» Exercise goal: Write out each line of the material exactly as given, and drop the images.

» Dataset content:
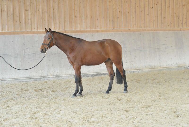 Auffälliger schicker Flemming Sohn-Nachkomme in begehrter brauner Jacke mit 3 sehr guten GGA und Talent und Vermögen am Sprung und ehrlichem Charakter. Eine besondere Empfehlung für den Nachwuchs Turnierreiter.
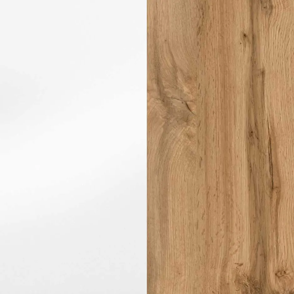 - Korpus sorgfältig melaminbeschichtet in Holzoptik Wildeiche, Front foliert in Weiß matt
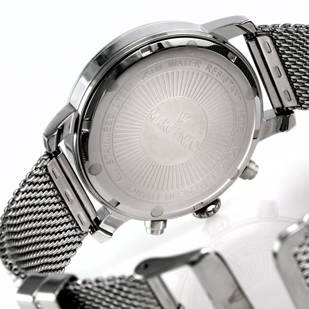 تتميز هذه الساعة من مارك انزو باللون الفضي وبسوار ذات جودة عالية مصنوعة من الفولاذ مقاوم للصدأ (ستانلس ستيل) شبكي وهيكل مصنوع من الفولاذ مقاوم للصدأ (ستانلس ستيل) بمقاس 41ملم وبسمك 10.7ملم محمي بطبقة من الزجاج المعدني القوي وبحركة كوارتز الموثوقة ولدى الساعة مقاومة ضد الماء حتى 50 متر

» Completed exercise:
 Auffälliger schicker Flemming Sohn-Nachkomme in begehrter brauner Jacke mit 3 sehr guten GGA und Talent und Vermögen am Sprung und ehrlichem Charakter. Eine besondere Empfehlung für den Nachwuchs Turnierreiter.
 - Korpus sorgfältig melaminbeschichtet in Holzoptik Wildeiche, Front foliert in Weiß matt
 تتميز هذه الساعة من مارك انزو باللون الفضي وبسوار ذات جودة عالية مصنوعة من الفولاذ مقاوم للصدأ (ستانلس ستيل) شبكي وهيكل مصنوع من الفولاذ مقاوم للصدأ (ستانلس ستيل) بمقاس 41ملم وبسمك 10.7ملم محمي بطبقة من الزجاج المعدني القوي وبحركة كوارتز الموثوقة ولدى الساعة مقاومة ضد الماء حتى 50 متر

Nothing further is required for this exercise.